This is a very small, half-sheet of paper with just the papermaker’s name STOWFORD MILL, with no year of manufacture.
The three postmarks are the Old Brompton 1d PAID name stamp which was applied at the Twopenny post but the catalogue shows this type was in use in 1847, and this letter is clearly 1843.
Then the London General Post tombstone date stamp was the type in use in 1843 from January to December sans serif ID letters A to G morning duty, the date both sides of the month for 8 JY 8 1843 and finally an incomplete receiving stamp for DERBY JY 9 1843.

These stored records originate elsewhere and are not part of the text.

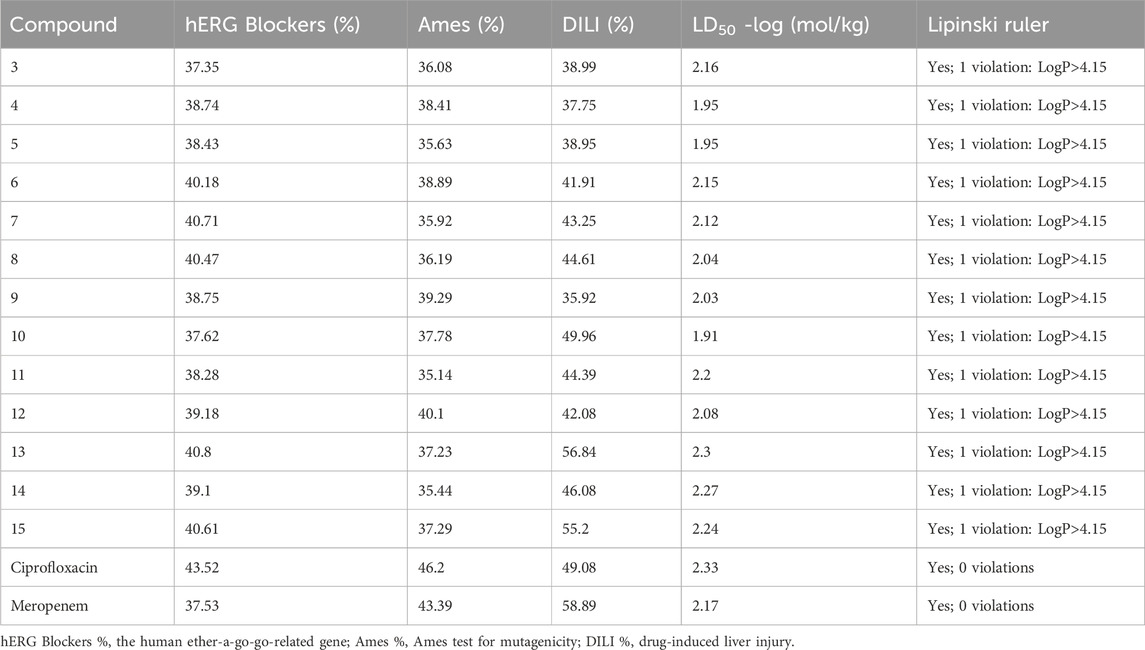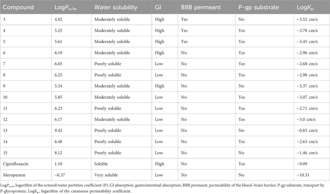 When compared with the reference antibiotics such as ciprofloxacin and meropenem, clear differences were observed. Ciprofloxacin and meropenem presented markedly lower LogP values (1.10 and −0.37, respectively), which is in line with their higher solubility in aqueous media. This contrasts with the moderate-to-low solubility of the synthetic derivatives, highlighting a potential formulation challenge. On the other hand, ciprofloxacin displayed extremely low skin permeability (LogKp −9.09 cm/s), whereas the synthetic derivatives exhibited higher permeability, which could be advantageous in contexts outside systemic oral administration. These comparisons emphasize that although classical antibiotics possess favorable solubility and lower lipophilicity, the derivatives studied here may require formulation strategies to optimize delivery.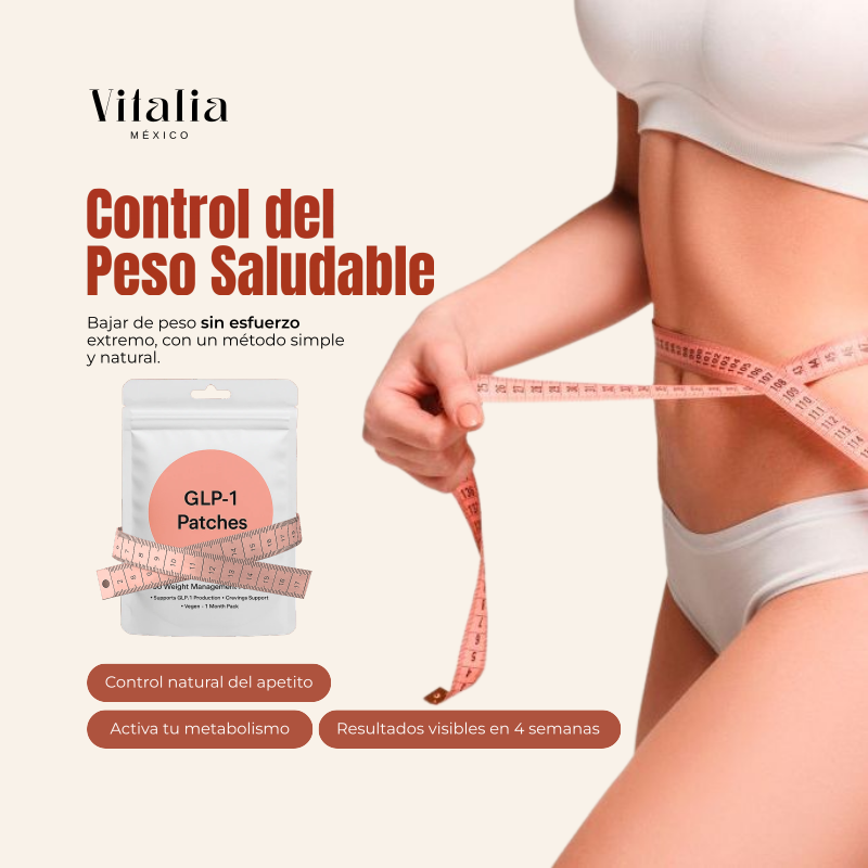 Precauciones de uso: Este producto es de uso exclusivamente externo. No reutilices los parches y, una vez abierto, utilízalo lo antes posible. Mantén el producto fuera del alcance de niños menores de 18 años. No lo utilices si eres alérgico(a) a alguno de sus ingredientes. Aplica solo un parche a la vez por un máximo de 8 horas continuas y rota la zona del cuerpo en la que lo colocas con cada uso. No lo apliques sobre heridas, piel sensible, irritada o lesionada. Evita el contacto con los ojos y asegúrate de lavar bien tus manos después de usarlo. Suspende su uso si presentas irritación o una reacción alérgica y consulta con un profesional de la salud. No lo utilices si estás embarazada, en periodo de lactancia o tomando medicamentos sin antes consultar con tu médico. No combines el parche con fuentes de calor directo, como almohadillas térmicas, ya que esto puede alterar su efectividad. Este producto no ha sido evaluado por la FDA ni por autoridades sanitarias equivalentes. No está destinado a diagnosticar, tratar, curar o prevenir ninguna enfermedad. No contiene GLP-1 sintético ni es un medicamento agonista de GLP-1.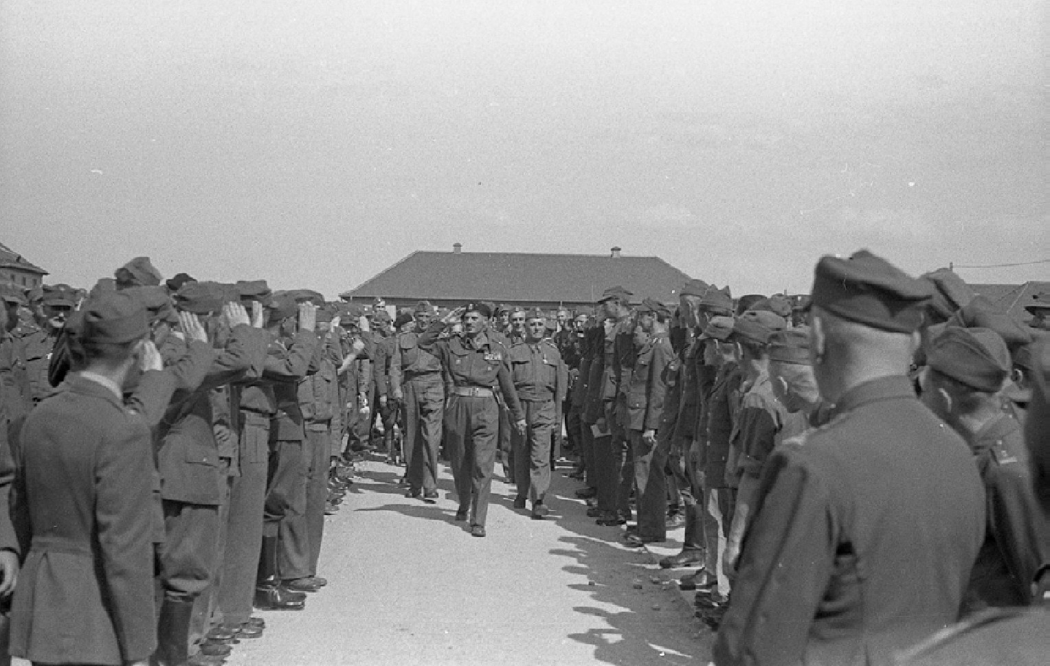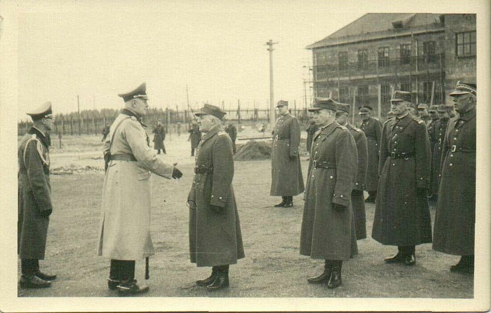 Слева высокопоставленный немецкий офицер, справа выстроились польские военнопленные офицеры, один из них делает доклад, немецкий офицер пожимает ему руку.

The letter is very legible and I find it interesting. It begins with reference to a Show at Derby, which sounds as if it is a big local occasion.
My dear son
As there are no instructions here that I am aware of relative to Ivemy & Fagge going to Derby I am afraid that the great bustle of the present time at Derby has led you to have forgotten that part of the arrangement.

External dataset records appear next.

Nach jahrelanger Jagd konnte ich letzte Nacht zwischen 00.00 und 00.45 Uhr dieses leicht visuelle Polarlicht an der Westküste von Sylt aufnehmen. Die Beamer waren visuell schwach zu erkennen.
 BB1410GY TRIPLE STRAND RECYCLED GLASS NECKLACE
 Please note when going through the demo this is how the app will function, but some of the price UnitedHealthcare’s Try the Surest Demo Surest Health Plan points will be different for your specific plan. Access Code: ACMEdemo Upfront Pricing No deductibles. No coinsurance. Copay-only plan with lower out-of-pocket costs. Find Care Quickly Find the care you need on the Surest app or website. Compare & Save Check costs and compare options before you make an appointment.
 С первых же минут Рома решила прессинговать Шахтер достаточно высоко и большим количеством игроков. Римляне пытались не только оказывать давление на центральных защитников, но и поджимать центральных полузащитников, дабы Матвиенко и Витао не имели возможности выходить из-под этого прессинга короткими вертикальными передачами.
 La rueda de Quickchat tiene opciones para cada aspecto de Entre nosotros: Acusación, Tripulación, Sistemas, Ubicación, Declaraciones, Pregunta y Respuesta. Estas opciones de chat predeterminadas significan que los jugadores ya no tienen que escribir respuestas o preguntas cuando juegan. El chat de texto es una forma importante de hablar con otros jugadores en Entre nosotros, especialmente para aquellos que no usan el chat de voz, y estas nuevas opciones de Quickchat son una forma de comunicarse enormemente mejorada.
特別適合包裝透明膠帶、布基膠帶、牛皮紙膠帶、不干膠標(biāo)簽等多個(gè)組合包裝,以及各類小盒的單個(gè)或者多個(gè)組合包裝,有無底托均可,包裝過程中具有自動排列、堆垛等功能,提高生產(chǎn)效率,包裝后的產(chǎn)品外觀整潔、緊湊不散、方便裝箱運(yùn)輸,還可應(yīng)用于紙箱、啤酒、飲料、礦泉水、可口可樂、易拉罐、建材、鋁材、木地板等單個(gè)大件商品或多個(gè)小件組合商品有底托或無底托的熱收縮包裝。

I have directed Ivemy to transmit to you a letter received this morning from Abbott regarding Carrot Seed he wants – hope you both are well in health – here we are much as we were when I last written.
We join in love to you both
I have learnt this morning that Mr and Mrs Bergne will not be able to be at Derby at the times of the Show as important business at the For. Office will prevent him.
Your loving Father
Thos. Gibbs
Old Brompton
Saturd: July 8th 1843
He then adds a post script confirming what he has already written.
P.S. Your Mother has just told me Mr and Mrs Bergne will not be able to be at Derby next Week.
The queries this letter raised for me were :-
When was the Derby Show in 1843 and what type of Show was it?
An internet search revealed that it was the Royal Agricultural Show, but I could find no date available. However, from the comments in the letter, it had to have been later than the 8th July 1843.
Who was John Collison of Litchurch Farm near Derby?
I can find no information or record of this man or his farm.
Humphrey Gibbs, at the farm near Derby in 1843?
I could find no direct record of him, but in another item on the internet I found a reference in a letter written to his father, Thomas Gibbs,Seeds Merchant of Half-moon street London,which mentioned his son Humphrey. This firm was very well known, and I found an image of the seal used for his business.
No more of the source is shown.